→ **WORK REQUEST**:
Below, some lines carry pictures; leave those pictures out and retype exactly the lines from the one with "A股方面,圆通速递(6002" through the one with "Karta SD Canvas".

→ **STORED DATA**:

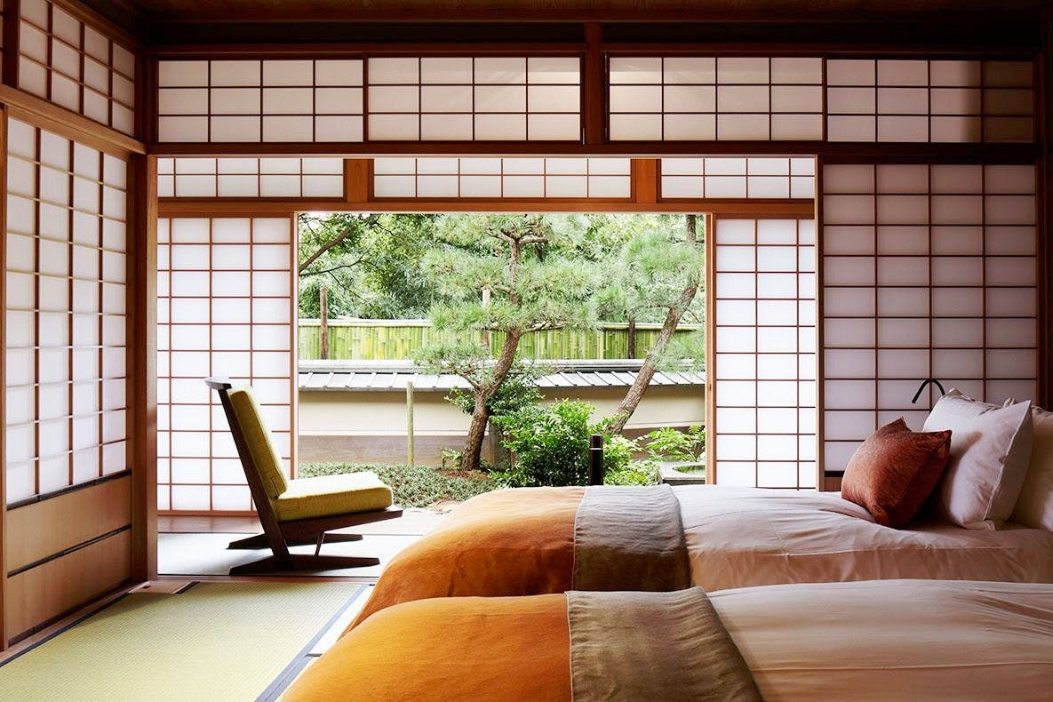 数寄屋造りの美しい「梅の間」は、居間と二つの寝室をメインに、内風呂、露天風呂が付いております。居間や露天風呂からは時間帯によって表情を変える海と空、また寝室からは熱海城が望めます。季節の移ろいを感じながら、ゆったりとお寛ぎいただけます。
* * *
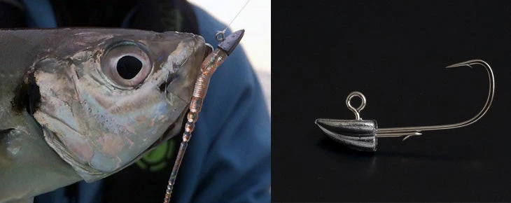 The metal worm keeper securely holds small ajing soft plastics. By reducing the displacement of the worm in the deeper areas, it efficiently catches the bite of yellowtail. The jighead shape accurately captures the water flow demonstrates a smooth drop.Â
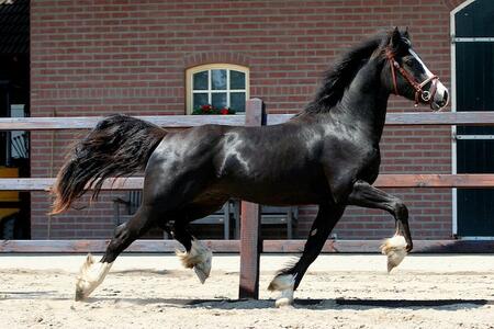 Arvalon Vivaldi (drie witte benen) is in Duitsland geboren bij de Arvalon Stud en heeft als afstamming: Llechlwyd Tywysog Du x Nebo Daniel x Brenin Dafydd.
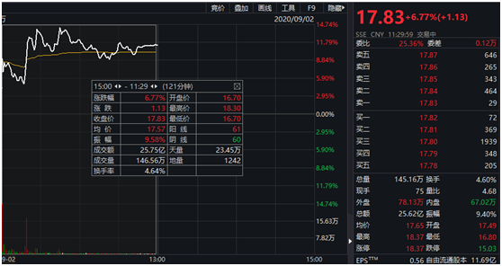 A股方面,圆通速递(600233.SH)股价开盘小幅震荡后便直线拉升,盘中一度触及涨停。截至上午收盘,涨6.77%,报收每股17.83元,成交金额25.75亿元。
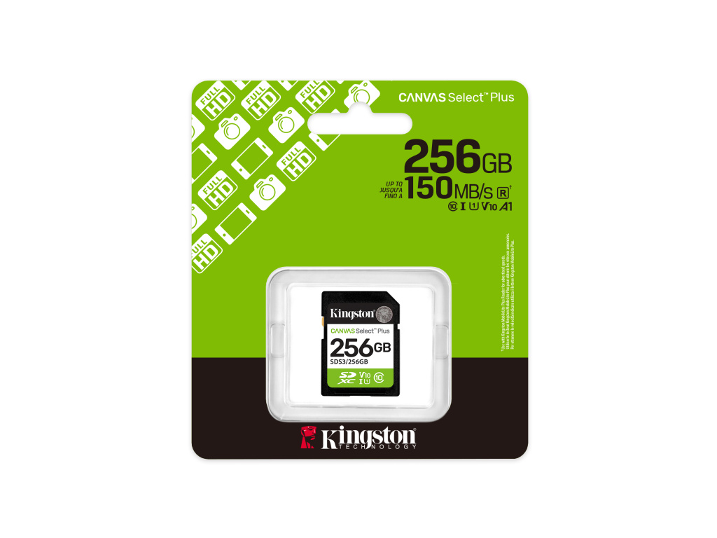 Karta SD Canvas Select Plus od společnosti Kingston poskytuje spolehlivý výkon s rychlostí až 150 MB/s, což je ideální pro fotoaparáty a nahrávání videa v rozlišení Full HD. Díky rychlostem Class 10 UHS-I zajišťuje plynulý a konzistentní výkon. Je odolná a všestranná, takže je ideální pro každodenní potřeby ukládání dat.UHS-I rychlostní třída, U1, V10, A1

→ **RESPONSE TO THE EXERCISE**:
 A股方面,圆通速递(600233.SH)股价开盘小幅震荡后便直线拉升,盘中一度触及涨停。截至上午收盘,涨6.77%,报收每股17.83元,成交金额25.75亿元。
 Karta SD Canvas Select Plus od společnosti Kingston poskytuje spolehlivý výkon s rychlostí až 150 MB/s, což je ideální pro fotoaparáty a nahrávání videa v rozlišení Full HD. Díky rychlostem Class 10 UHS-I zajišťuje plynulý a konzistentní výkon. Je odolná a všestranná, takže je ideální pro každodenní potřeby ukládání dat.UHS-I rychlostní třída, U1, V10, A1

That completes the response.